Mr. Trump, as usual, showed up in all the right places at the right times, saying all the necessary things in fueling media coverage. Bizarrely, or perhaps not, he left the campaign trail to fly to his reopened Trump Turnberry Resort in Scotland, where he gave a press conference from the 9th tee, lifting his political gamesmanship to an international level. Wearing his trademark "Make America Great Again" hat ("Made Turnberry Great Again" hats were also in evidence) and against a backdrop of bagpipers, tartans, heather and ocean, he laid into President Obama for daring to set foot on British soil to encourage the Brits to remain in the E.U. "People want to see borders," Mr. Trump said. "They don't necessarily want people pouring into their country that they don't know who they are and where they come from."
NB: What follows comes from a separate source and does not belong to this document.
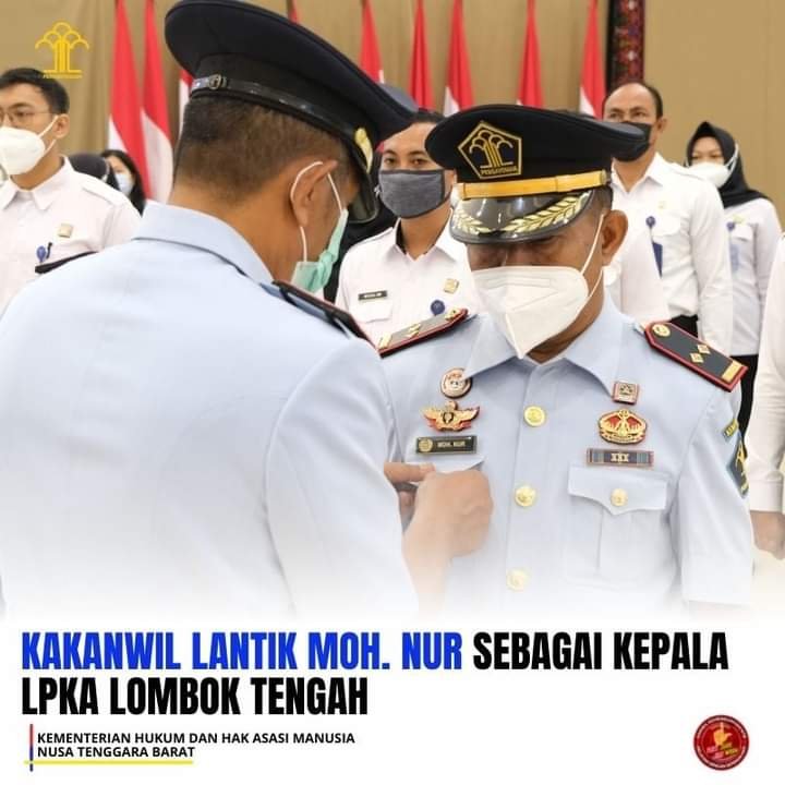 HarianNusa, Mataram – Kepala Kanwil Kemenkumham NTB, Haris Sukamto, melantik dan mengambil sumpah Kepala Lembaga Pembinaan Khusus Anak Kelas II Lombok Tengah (LPKA Lombok Tengah), Moh. Nur yang menggantikan Kepala LPKA sebelumnya, Ahmad Zaenal Fikri di Aula Kantor Wilayah Kemenkumham NTB, Rabu (01/12/2021).

Which in a not-so-round-about way brings at least part of the Brexit issue back to the U.S. role in the Middle East mess. Created by the Bush administration's misbegotten invasion of Iraq, exacerbated by the vacuum created by the Obama administration's anxiousness get out and then the refusal to act decisively in Syria, U.S. action and inaction helped unleash the flood of migrants that flooded Europe. A butterfly effect, if you will, that helped fuel a humanitarian catastrophe and stressed the EU. The repercussions will rebound with Britain, the EU, around the globe and in the presidential run.